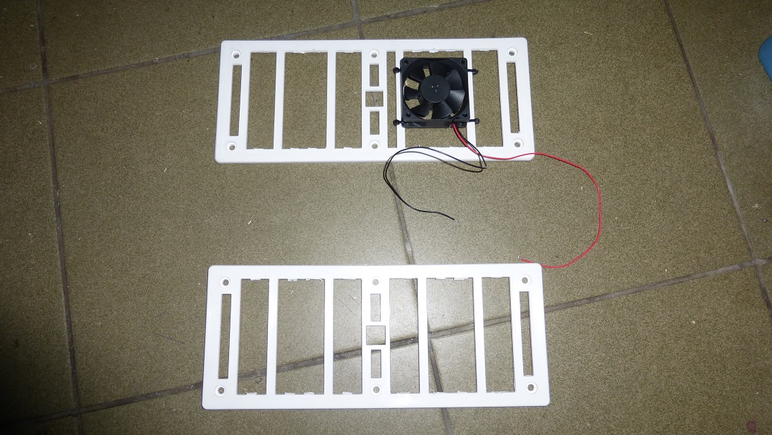 Tylne części kratek pozbawiłem części sztachetek żeby poprawić wentylację, nie ma to dużego wpływu na sztywność. Górną kratkę wyposażyłem w wentylatorek, który podłączę tak aby można było regulować jego obroty.
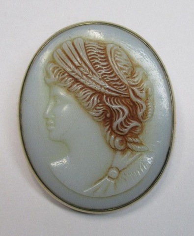 Camé, 20. årh. Udarbejdet i konkylie. Dekoration med kvinde i profil. Indfattet i oval sølvmontering. Stemplet.: 925 s. og mestermærke: EJü. H.: 3,5 cm. B.: 2,7 cm.
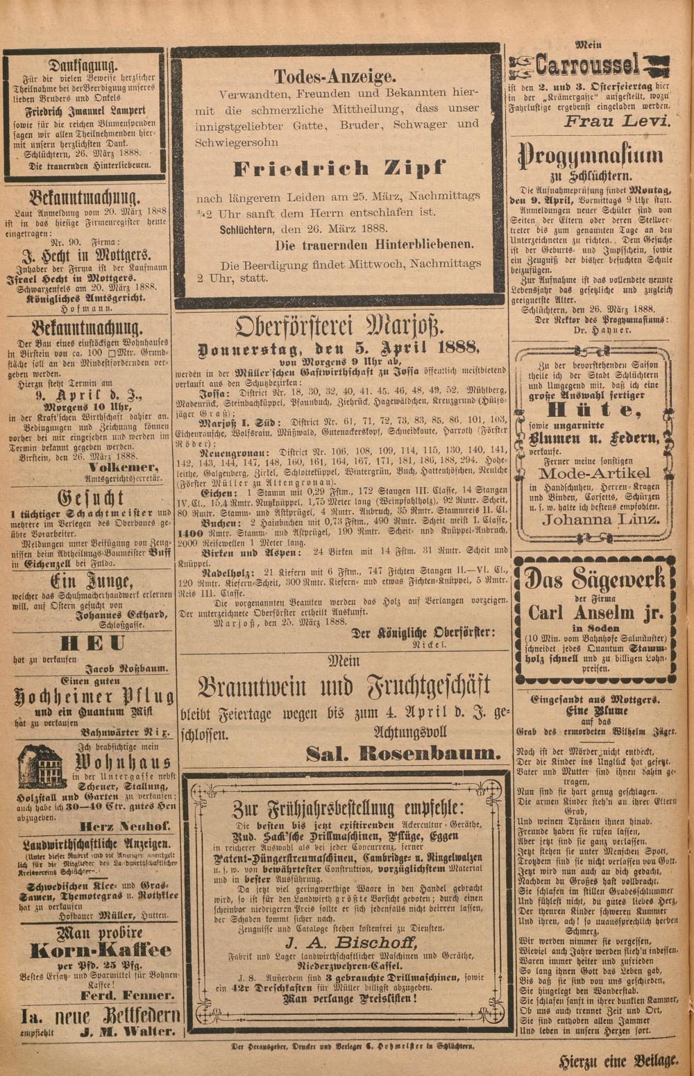 Schlüchterner Zeitung. 1887-1941
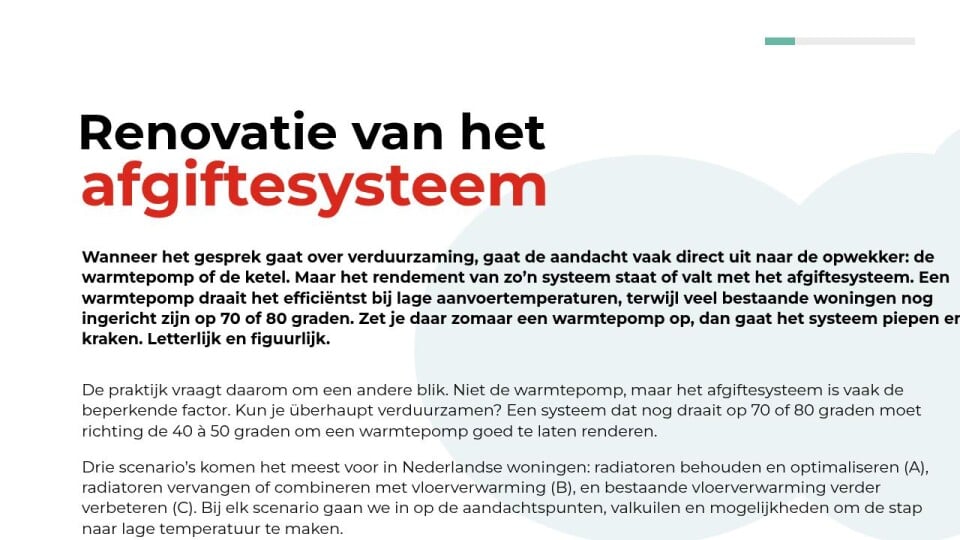 Drie scenario’s komen het meest voor in Nederlandse woningen: radiatoren behouden en optimaliseren (A), radiatoren vervangen of combineren met vloerverwarming (B), en bestaande vloerverwarming verder verbeteren (C). Bij elk scenario gaan we in op de aandachtspunten, valkuilen en mogelijkheden om de stap naar lage temperatuur te maken.
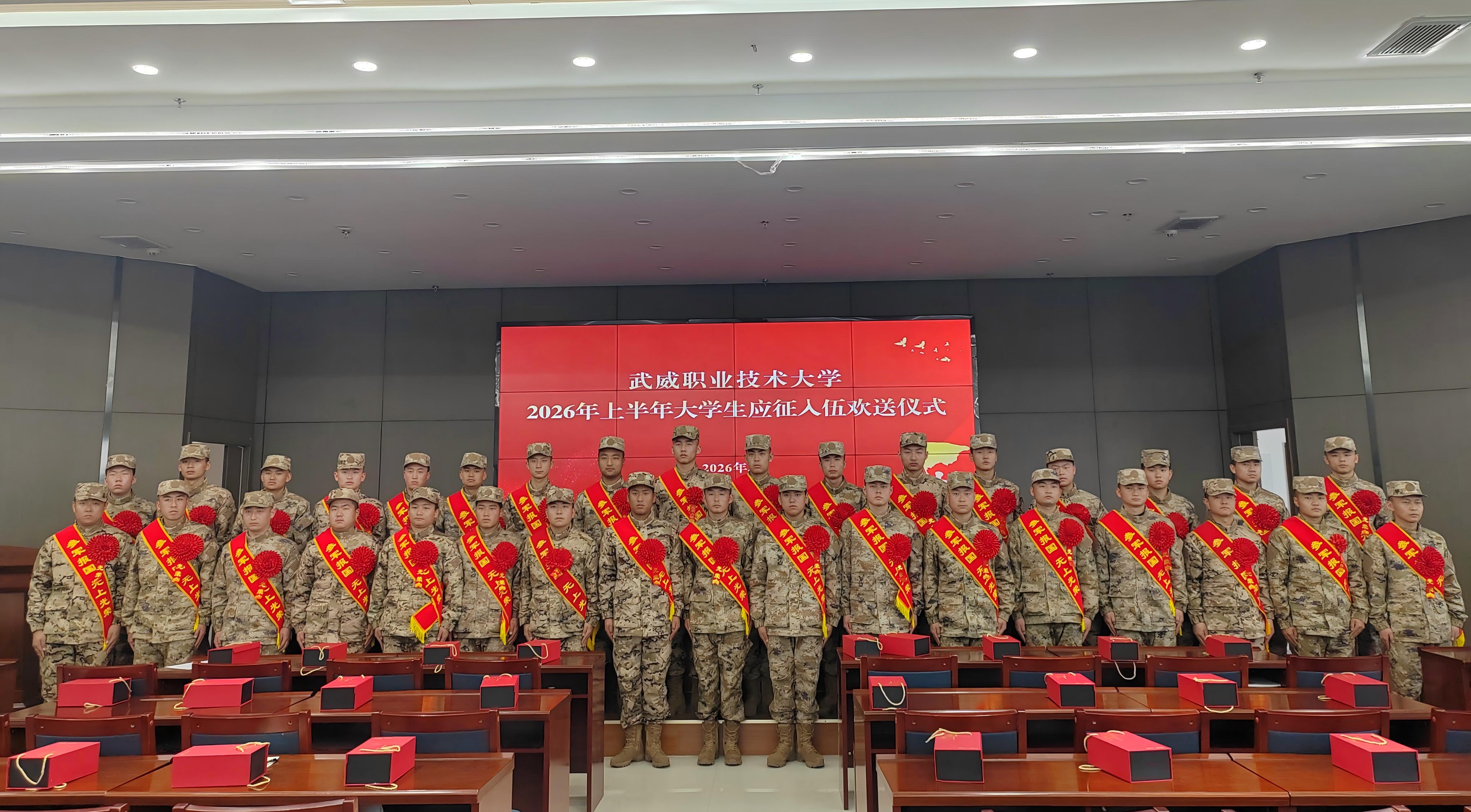 3月14日,學校組織開展2026年上半年大學生參軍入伍歡送活動。在學校報名參軍的26名大學生整裝待發,即將離開母校奔赴軍營,投身祖國最需要的地方。學生工作部部長張世亮及各學院輔導員、班主任代表前往民勤縣役前教育訓練基地對參軍學生進行慰問并為他們送行。
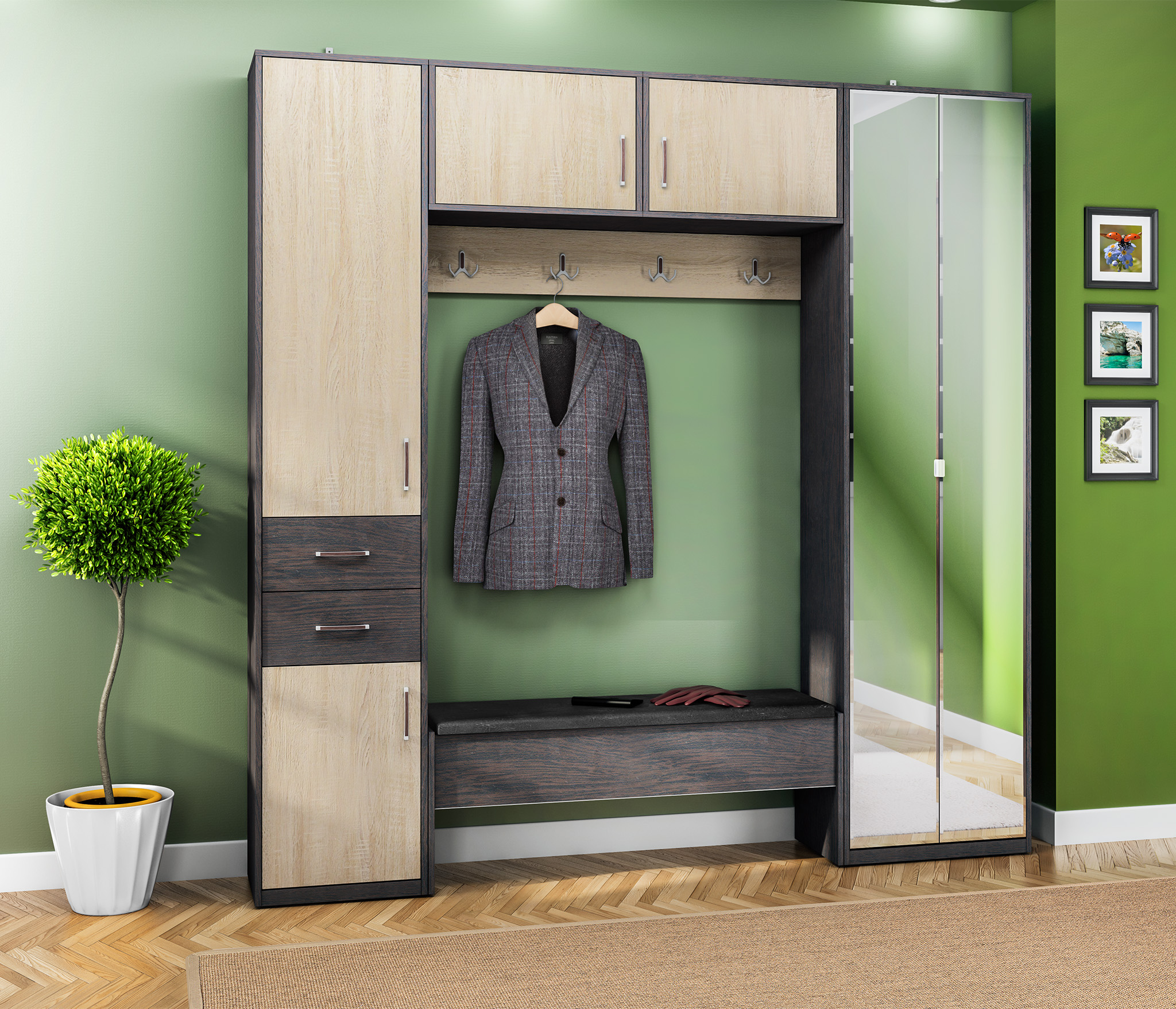 У нас узкий и длинный коридор. Афина как раз подошла. Банкетка тумба зеркало -обувница пенал и 4 шкафа. Все встало как надо. Покупаем не перый раз. Качественно.
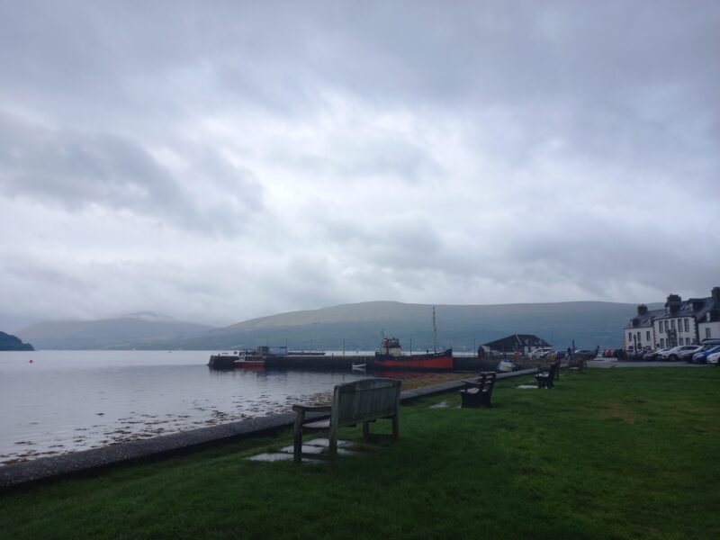 無事に2人がチェルトナムに到着、二日後に車でスコットランドに向けて出発しました。途中、湖水地方に一泊して、翌日にスコットランド入りして北上、次々と現れる湖の間を通りながら、西側の港町、オーバン(Oban)に着きました。ハイランドの南端にあるこの町に二泊して、近くの島にフェリーで渡って観光する予定でしたが、あいにくの雨で、また風も強いため島に行くのを諦め、近くの海岸沿いドライブをし、オーバンの町を散歩しただけの一日でした。宿は市内のアパート形式の部屋で、海がすぐ目の前に見えます。寝室が3つ、居間とキッチンがついています。一日目は持参したチリコンカン、二日目はアパートの階下のインド料理のお店からテイクアウトのカレーと、レストラン行きを省け、節約になるのもキッチン付きのいいところです。

────────────────────

● **What to work on**:
Write out word for word the lines above that run from the one with "Schlüchterner Zeitung. 1887-1941" to the one with "У нас узкий". Include both end lines; exclude the images.

● **Task answer**:
 Schlüchterner Zeitung. 1887-1941
 Drie scenario’s komen het meest voor in Nederlandse woningen: radiatoren behouden en optimaliseren (A), radiatoren vervangen of combineren met vloerverwarming (B), en bestaande vloerverwarming verder verbeteren (C). Bij elk scenario gaan we in op de aandachtspunten, valkuilen en mogelijkheden om de stap naar lage temperatuur te maken.
 3月14日,學校組織開展2026年上半年大學生參軍入伍歡送活動。在學校報名參軍的26名大學生整裝待發,即將離開母校奔赴軍營,投身祖國最需要的地方。學生工作部部長張世亮及各學院輔導員、班主任代表前往民勤縣役前教育訓練基地對參軍學生進行慰問并為他們送行。
 У нас узкий и длинный коридор. Афина как раз подошла. Банкетка тумба зеркало -обувница пенал и 4 шкафа. Все встало как надо. Покупаем не перый раз. Качественно.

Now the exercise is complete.